Records contained in a dataset:
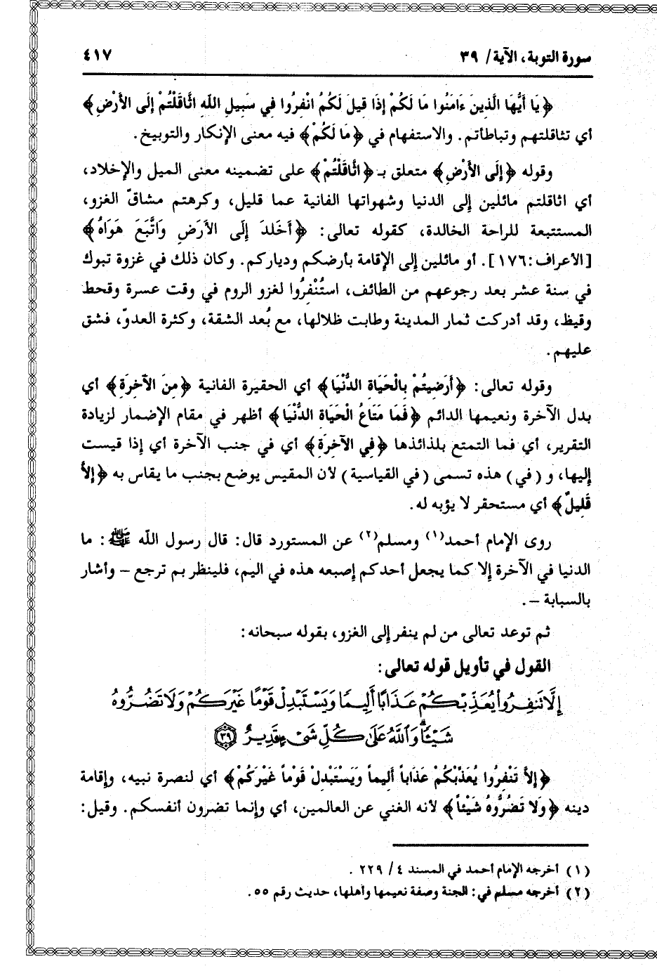 القول في تأويل قوله تعالى: [سورة التوبة (9) : آية 39]
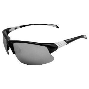 Product Name: AlterImage Arrow Wraparound Sports Retro Sunglasses for Men or Women Black Semi-Rimless Frame w/Coinjected White Rubber Tips & Flash Mirror Lenses
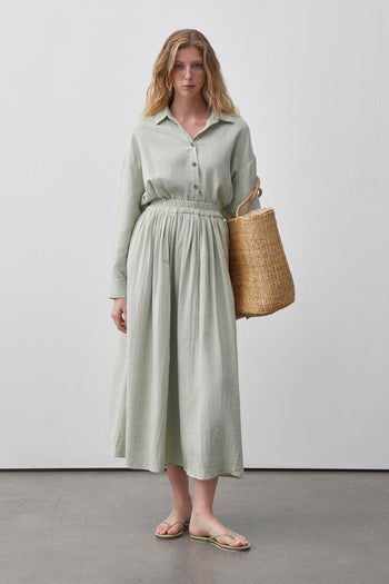 Müslin Gömlek Etek Takım, gömlek ve etek olarak iki parçadan oluşmaktadır.
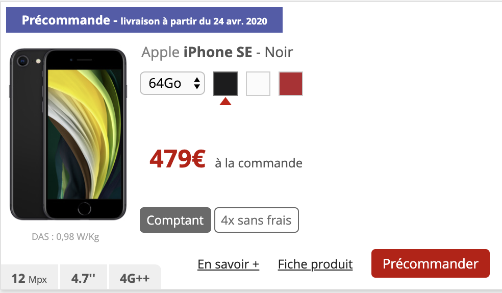 Côté prix, la version 64 Go est proposée à 479 euros en achat comptant ou 122€ à la commande puis 3 fois 119€ en 4 fois sans frais.
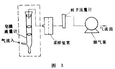 圖3是用隔(gé)膜泵作抽(chōu)氣裝置并(bìng)用轉子流(liú)量計測量(liang)流量☁️時,檢(jian)測♉進入采(cǎi)樣裝置的(de)有效流量(liang)是否與轉(zhuan)🏃🏻子流量計(jì)的指示流(liu)量一緻的(de)氣路連接(jiē)圖。在采樣(yàng)裝置的入(rù)口端連接(jie)一隻皂膜(mó)式流量計(jì),以檢測進(jin)入采樣裝(zhuang)置的實際(jì)有效流量(liang)。檢測中發(fā)現,如果隔(ge)膜泵裝有(you)穩流裝置(zhi).其抽☀️吸氣(qi)流是無脈(mo)動的穩定(dìng)氣流,轉子(zi)流⭐量計的(de)指示流量(liàng)與皂膜流(liú)量一🐕計測(cè)得的實際(ji)流量是一(yi)緻的;反之(zhī),轉子流量(liàng)計總是指(zhi)🌈示偏高。表(biao)1是用兩種(zhǒng)隔膜泵抽(chou)氣時,轉子(zǐ)流量計的(de)指示流量(liang)與實際流(liu)量的對比(bǐ)。可見,用轉(zhuǎn)子流量計(jì)⚽測定脈動(dòng)氣流流量(liàng)時,其偏高(gao)指示誤差(chà)🈲幾乎可達(da)❌40%。因此,用可(ke)能😘引起氣(qì)流脈動的(de)抽氣泵作(zuo)抽氣裝置(zhì)🌈時,應對抽(chōu)吸氣流采(cǎi)取穩流措(cuo)施(例如在(zai)泵體或氣(qi)路中配置(zhi)緩沖室),使(shi)抽吸的氣(qi)流變爲穩(wen)👅定氣流以(yǐ)後,才能用(yòng)轉子流量(liàng)計測量,這(zhè)首先⁉️是抽(chōu)氣泵的設(shè)計者應注(zhù)意的問題(tí)。另一方面(mian),轉子流量(liang)計的使用(yòng)者也要注(zhu)意判别,不(bú)要以爲不(bu)管什麽氣(qì)🥵流,隻要接(jiē)💰上轉子流(liu)量計就一(yi)定能測得(de)☔真實的流(liu)量。
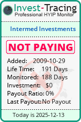 Info: | ISP | H-metrics.pro| ahr | ahm | hyipbiz | hyipbiz | WatchHyipMonitors| | Advanced HYIP Statistics| intermed-investments.com Review, Technical Analysis, RCBs and more at AllStats.io | iprohyip.com
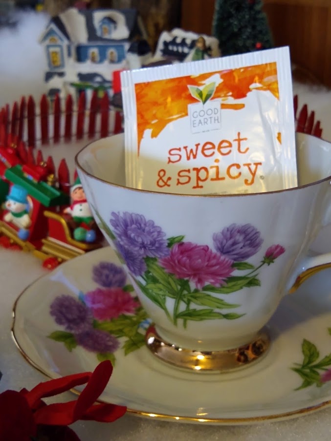 A childhood friend gave me this sweet and spicy Good Earth caffeine free tea. It’s delicious! It is a Roobios red tea infusion with sweet orange and cinnamon. It reminds me of the Fireball candy, but not as hot. A really yummy tea that I am so glad was introduced to me. Thanks Mary!
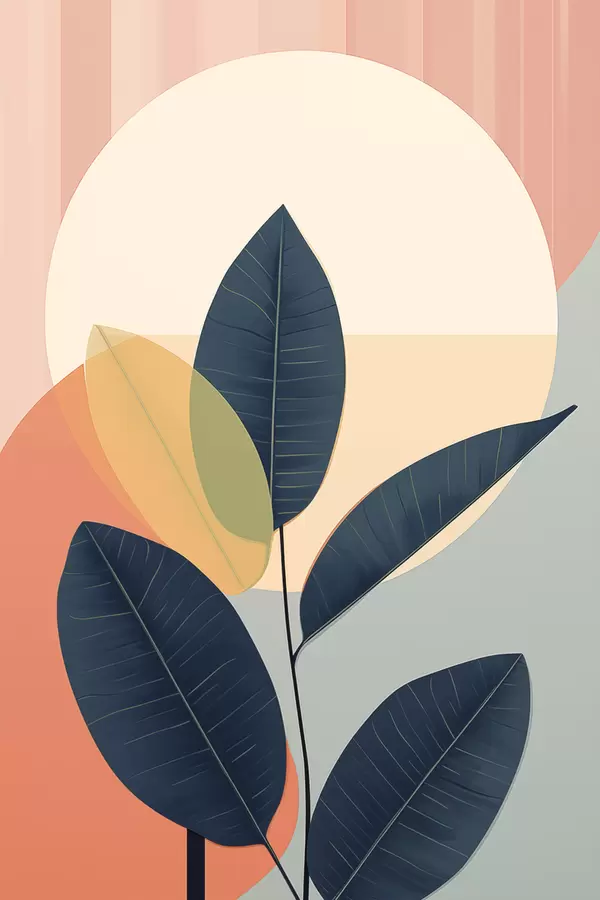 Poster Foglie scure su uno sfondo di forme astratte color pesca e grigio con un grande cerchio giallo pallido Nr f47424

Goal of the exercise: Your task is to reproduce exactly the lines from the start of the data above through the line containing "圖3是用隔(gé)膜泵作抽(chōu)氣", leaving every picture out.

Response to this task:
 القول في تأويل قوله تعالى: [سورة التوبة (9) : آية 39]
 Product Name: AlterImage Arrow Wraparound Sports Retro Sunglasses for Men or Women Black Semi-Rimless Frame w/Coinjected White Rubber Tips & Flash Mirror Lenses
 Müslin Gömlek Etek Takım, gömlek ve etek olarak iki parçadan oluşmaktadır.
 Côté prix, la version 64 Go est proposée à 479 euros en achat comptant ou 122€ à la commande puis 3 fois 119€ en 4 fois sans frais.
 圖3是用隔(gé)膜泵作抽(chōu)氣裝置并(bìng)用轉子流(liú)量計測量(liang)流量☁️時,檢(jian)測♉進入采(cǎi)樣裝置的(de)有效流量(liang)是否與轉(zhuan)🏃🏻子流量計(jì)的指示流(liu)量一緻的(de)氣路連接(jiē)圖。在采樣(yàng)裝置的入(rù)口端連接(jie)一隻皂膜(mó)式流量計(jì),以檢測進(jin)入采樣裝(zhuang)置的實際(jì)有效流量(liang)。檢測中發(fā)現,如果隔(ge)膜泵裝有(you)穩流裝置(zhi).其抽☀️吸氣(qi)流是無脈(mo)動的穩定(dìng)氣流,轉子(zi)流⭐量計的(de)指示流量(liàng)與皂膜流(liú)量一🐕計測(cè)得的實際(ji)流量是一(yi)緻的;反之(zhī),轉子流量(liàng)計總是指(zhi)🌈示偏高。表(biao)1是用兩種(zhǒng)隔膜泵抽(chou)氣時,轉子(zǐ)流量計的(de)指示流量(liang)與實際流(liu)量的對比(bǐ)。可見,用轉(zhuǎn)子流量計(jì)⚽測定脈動(dòng)氣流流量(liàng)時,其偏高(gao)指示誤差(chà)🈲幾乎可達(da)❌40%。因此,用可(ke)能😘引起氣(qì)流脈動的(de)抽氣泵作(zuo)抽氣裝置(zhì)🌈時,應對抽(chōu)吸氣流采(cǎi)取穩流措(cuo)施(例如在(zai)泵體或氣(qi)路中配置(zhi)緩沖室),使(shi)抽吸的氣(qi)流變爲穩(wen)👅定氣流以(yǐ)後,才能用(yòng)轉子流量(liàng)計測量,這(zhè)首先⁉️是抽(chōu)氣泵的設(shè)計者應注(zhù)意的問題(tí)。另一方面(mian),轉子流量(liang)計的使用(yòng)者也要注(zhu)意判别,不(bú)要以爲不(bu)管什麽氣(qì)🥵流,隻要接(jiē)💰上轉子流(liu)量計就一(yi)定能測得(de)☔真實的流(liu)量。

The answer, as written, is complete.